We have added analogous variability constructs to our RSEB modeling language. In the Unified Modeling Language (UML) terminology, we have extended the set of «generalization» stereotypes available[Booch97] in OOSE. We have defined the a Variation Point construct, as a place within a model element at which a specializing Variant can be applied using some mechanism. Classes containing variation points are usually incomplete and require an attached variant before being usable. Variants are usually fragments of classes, text strings or parameters, used to complete the class containing the variation point.

In diagrams, such as the use case and analysis models shown in Figure 4, we indicate the variation point by a solid dot, labeling it by {Variation point description}. These notational markers can appear in any class, such as use cases, actors, analysis objects and design objects.

In general, it is useful to imagine that a copy is made of the class body containing the variation point, and then the variation point definition text or structure is the replaced by some other text or structure. The replacement is obtained either by directly inserting a parameter or reference to the variant, or by computing some transformation using the variation point definition body and the supplied variant. For example, inheritance behaves as if the subclass was a complete copy of the superclass, but with the virtual operations replaced or overridden by the supplied operations.

Figure 4 shows a use case component for part of a simple banking example with three variation points, and two specific variants associated with the{Account overdrawn} variation point. Corresponding to this use case component and variants we also show several analysis components with related variation points and variants.

We have identified several useful ways to represent variability, and have been able to express each of those as particular stereotype of generalization. Each mechanism has its own way of applying or attaching the associated variant. These mechanisms include inheritance, parameters, uses, extends, templates and generation. For example, in a use case description corresponding to the diagram in Figure 4, the variation point might be a distinguished location, such as {Account overdrawn}. A variant using an «inherits», «extends», «uses», «parameterizes» or other generalization or association will replace this text of the variation point.

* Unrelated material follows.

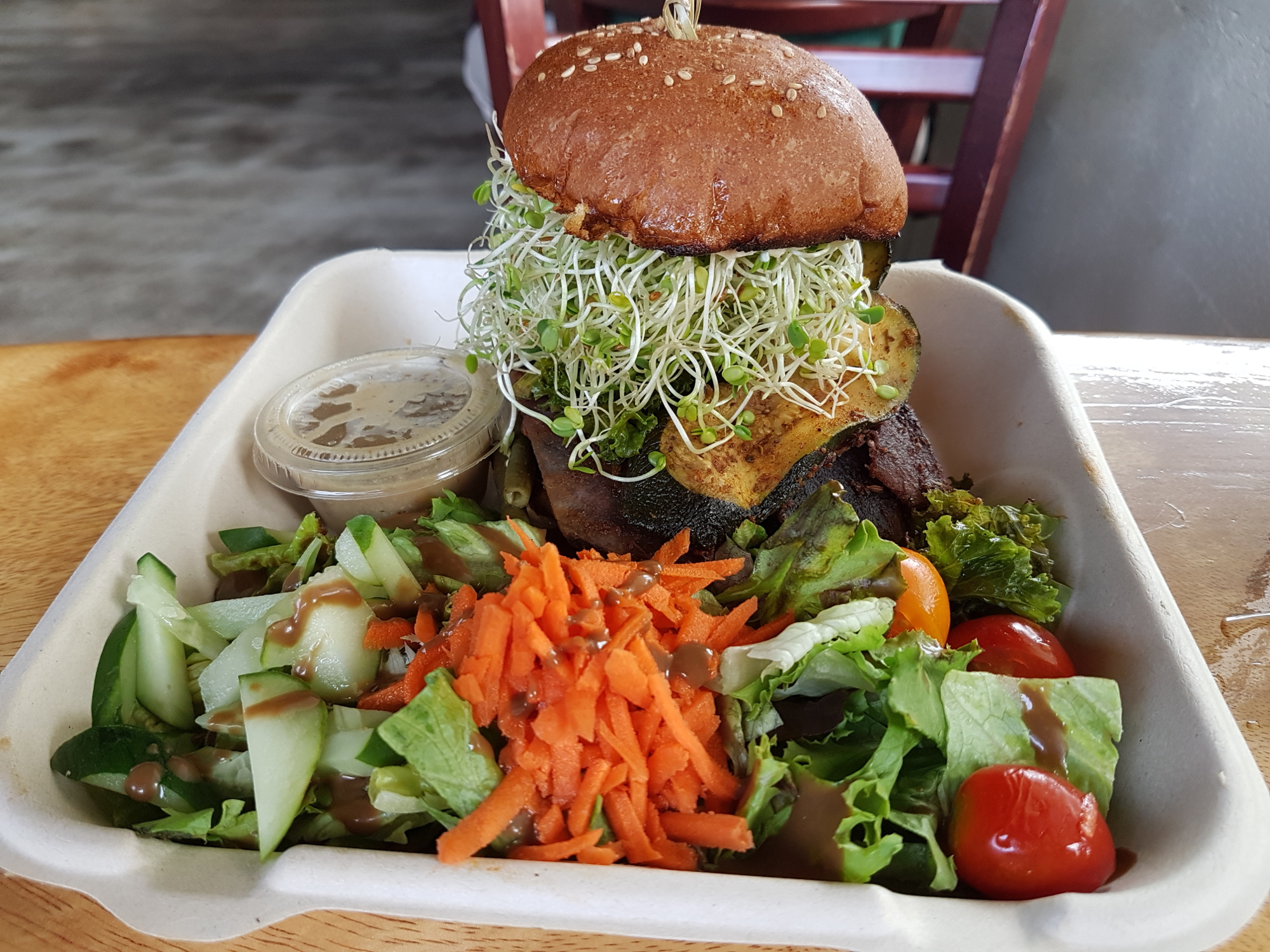 Neben dem etwas deplazierten McDonald's an der Hauptstraße machte vor 2 Jahren im August 2015 ein veganes Restaurant auf mit dem schönem Namen "Ai Love Nalo" (also "Ich liebe Nalo") auf, wobei sich hinter "Nalo" die Abkürzung füe Waimanalo verbirgt. Enthusiastische, freundliche Menschen kochen hier, ohne Tierprodukte zu verwenden und unterstützen hawaiianische Bio-Bauern. Das Essen war spitzenklasse. Ich aß ein mediteran angehauchtes Gericht, die "Medi Bowl", und schwärme immer noch von dem Rote-Beete-Hummus und Michael labte sich an einem Portobello-Pilz-Burger.

This is more than a just a generic name for all of the aforementioned mechanisms. The key is that each variation point is explicitly defined, and carefully documented with constraints on the specific variants that can be attached, how these are to be used, and how to write new variants. Also, variation points and variants in one model will possibly be related to other variation points and variants in this model, as well as having a defined mapping to corresponding variation points in other models. Tools will use hypertext-like links to connect these together in a useful way.

Because Team Fusion is to be based on a core subset of UML 1.0[Booch97], it should be relatively easy to adopt the same architectural constructs, with the same meaning: components, component systems, facades, patterns and layered architectures. We should be able to use essentially the same way of representing variability, described in this column.

Instead of using the OO business engineering framework to do our business-driven domain engineering, we can use a light-weight synthesis of the current HP domain engineering process [Cornwell96], the feature oriented FODA[Kang90] and ODM[Simos95]. In the same way the domain-engineering steps have become part of the RSEB processes of AFE and CSE, these steps will become an extension to the Team Fusion process - in fact, we will have a version of the (early phase) EVO Fusion process for architecting systems and developing components to create reusable assets, and a version of the (later phase) EVO Fusion, for application construction from reusable assets.

In our next column, we will continue with a discussion of the mechanisms and processes that support systematic reuse in the RSEB and Fusion. We will see how reusable components and variability in one model are traceable to others, and how frameworks and patterns are related to abstract subsystems and use cases.